| cv.CoxBoost {CoxBoost} | R Documentation |
Performs a K-fold cross-validation for CoxBoost in search for the optimal number of boosting steps.
cv.CoxBoost(time,status,x,maxstepno=100,K=10,type=c("verweij","naive"),
parallel=FALSE,upload.x=TRUE,folds=NULL,trace=FALSE,...)
time |
vector of length n specifying the observed times. |
status |
censoring indicator, i.e., vector of length n with entries 0 for censored observations and 1 for uncensored observations. If this vector contains elements not equal to 0 or 1, these are taken to indicate events from a competing risk and a model for the subdistribution hazard with respect to event 1 is fitted (see e.g.

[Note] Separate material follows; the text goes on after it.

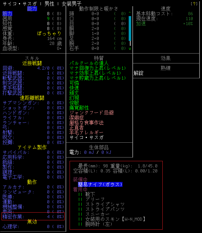 武器と防具が貧弱すぎて不安だ。しかも収納の仕様がまったく理解できない。「空容積(L):0.35」、「容積(L)0.00/1.20」が何を意味しているのかわからねえ。まあいずれ嫌でもわかるようになるだろう。そういえば「乱闘」の武術を覚えたみたいだね。あとスキルを上げたせいか器用が9に上がっています。
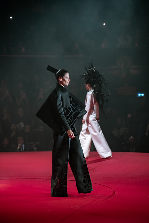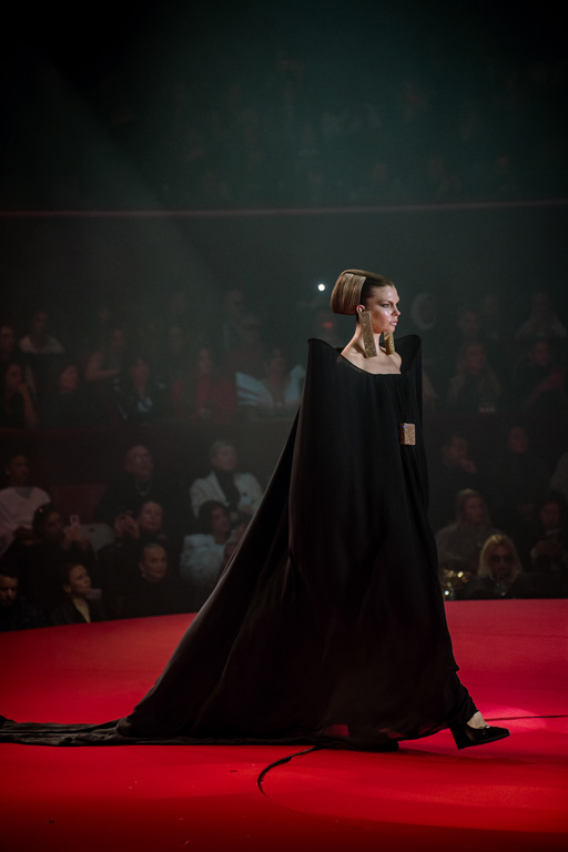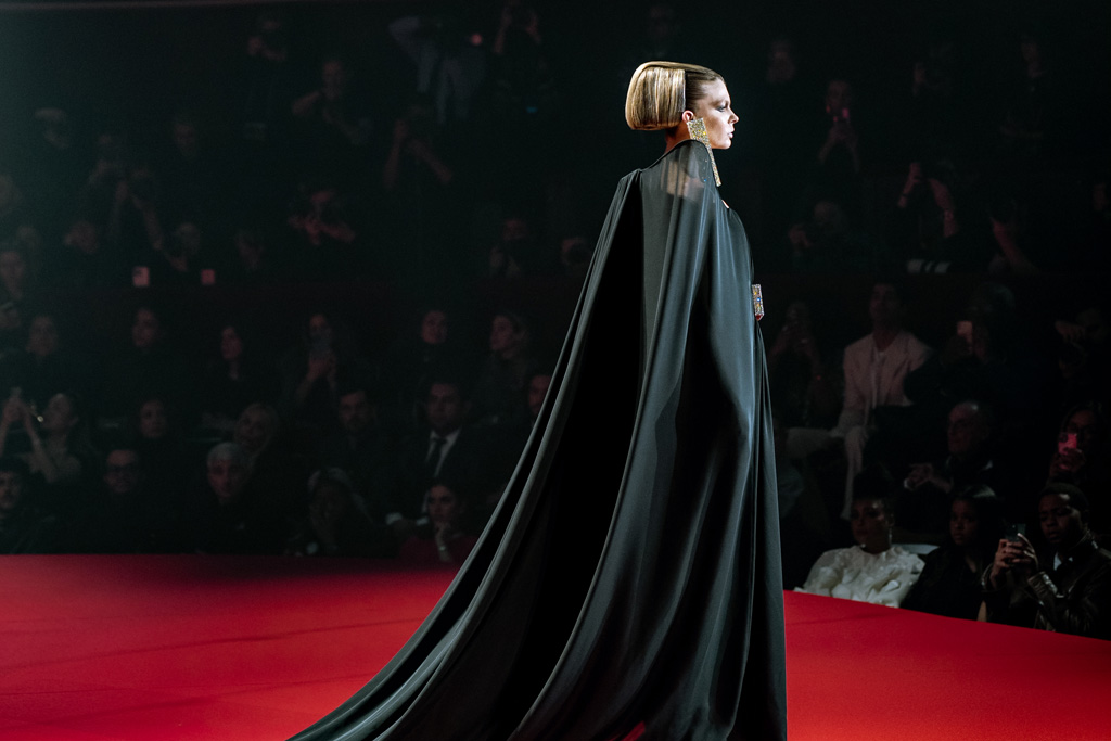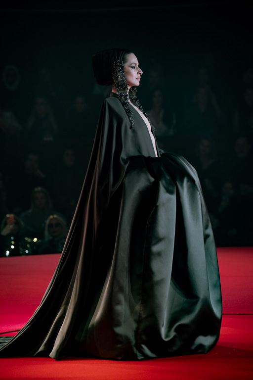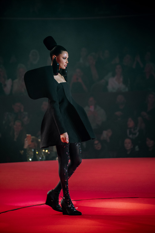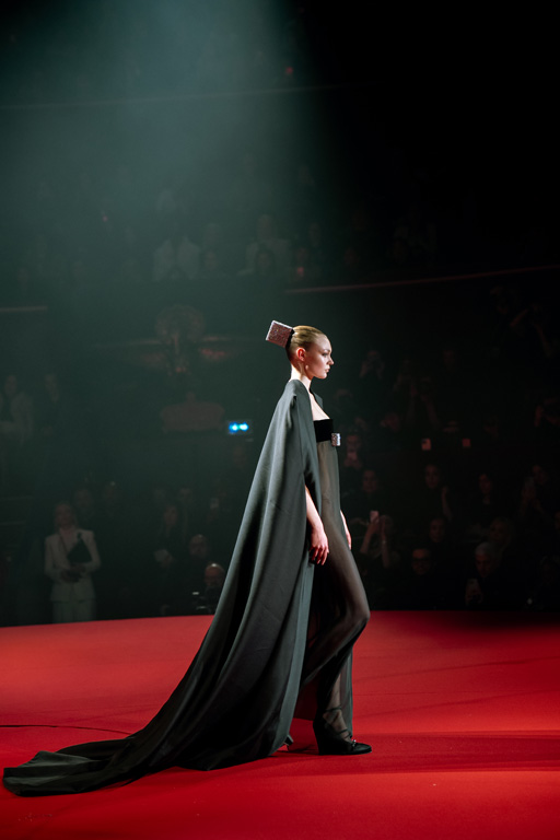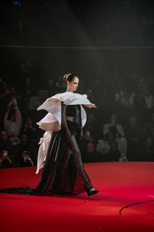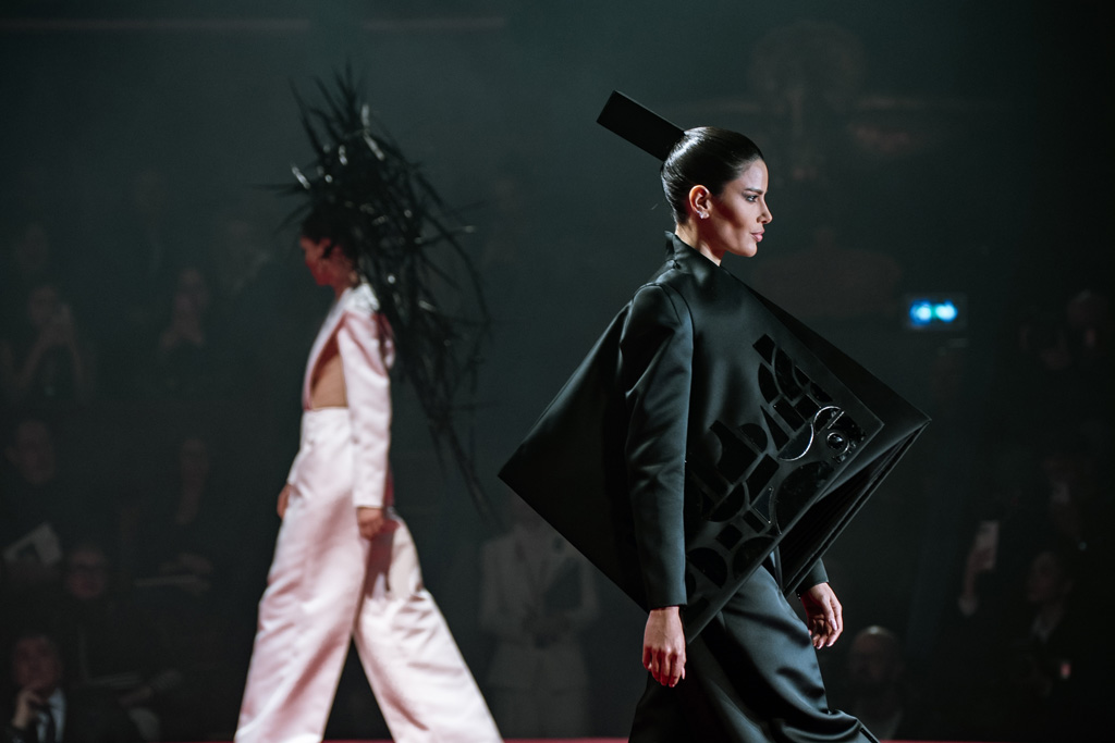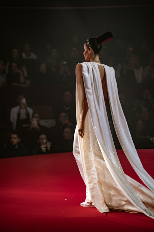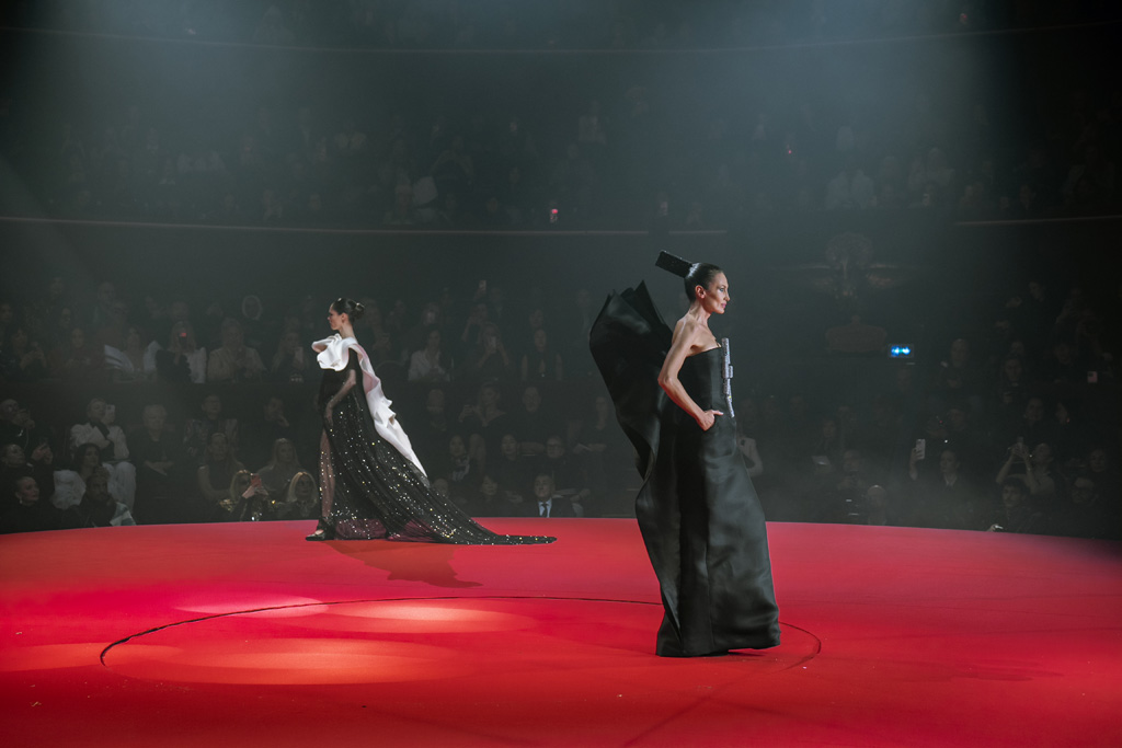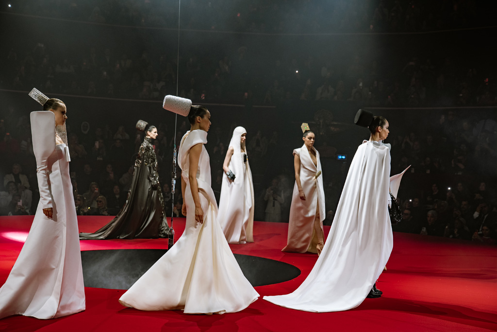Inspired by Pablo Picasso’s Cubist innovations and his connection to circus archetypes like the Auguste, Ringmaster, Pierrot, and solitary clown—as seen in the 1917 ballet Parade—the collection captures the circus as a temple of imagination and a factory of dreams. It features asymmetrical coats, structured capes, coat-dresses, voluminous balloon pants, jumpsuits, structured shorts, bustiers, and oversized coats in an architecture of silence, crafted from gazar, duchess satin, crepe, organza, chiffon, velvet, with black-white palettes accented by red, burgundy, and caramel tones, plus geometric sculptural forms, dramatic draping, plexiglass cube brooches set in diamonds, and gem embellishments that blur fashion and art. Launched during Paris Haute Couture Week (January 26-29, 2026), embroidery acts as a language using diamonds and crystals to convey light rather than wealth, while silhouettes subvert movement for red-carpet glamour, challenging boundaries with constant tension between body and material, fragility, and beauty.

Fine and Gray, 1999). |
x |
n * p matrix of covariates. |
maxstepno |
maximum number of boosting steps to evaluate, i.e, the returned ``optimal'' number of boosting steps will be in the range [0,maxstepno]. |
K |
number of folds to be used for cross-validation. If K is larger or equal to the number of non-zero elements in status, leave-one-out cross-validation is performed. |
type |
way of calculating the partial likelihood contribution of the observation in the hold-out folds: "verweij" uses the more appropriate method described in Verweij and van Houwelingen (1996), "naive" uses the approach where the observations that are not in the hold-out folds are ignored (often found in other R packages). |
parallel |
logical value indicating whether computations in the cross-validation folds should be performed in parallel on a compute cluster. Parallelization is performed via the package snowfall and the initialization function of of this package, sfInit, should be called before calling cv.CoxBoost. |
upload.x |
logical value indicating whether x should/has to be uploaded to the
compute cluster for parallel computation. Uploading this only once (using sfExport(x) from library snowfall) can save much time for large data sets. |
folds |
if not NULL, this has to be a list of length K, each element being a vector of indices of fold elements. Useful for employing the same folds for repeated runs. |
trace |
logical value indicating whether progress in estimation should be indicated by printing the number of the cross-validation fold and the index of the covariate updated. |
... |
miscellaneous parameters for the calls to CoxBoost |
List with the following components:
mean.logplik |
vector of length maxstepno+1 with the mean partial log-likelihood for boosting steps 0 to maxstepno |
se.logplik |
vector with standard error estimates for the mean partial log-likelihood criterion for each boosting step. |
optimal.step |
optimal boosting step number, i.e., with minimum mean partial log-likelihood. |
folds |
list of length K, where the elements are vectors of the indices of observations in the respective folds. |
Harald Binder binderh@fdm.uni-freiburg.de
Verweij, P. J. M. and van Houwelingen, H. C. (1993). Cross-validation in survival analysis. Statistics in Medicine, 12(24):2305-2314.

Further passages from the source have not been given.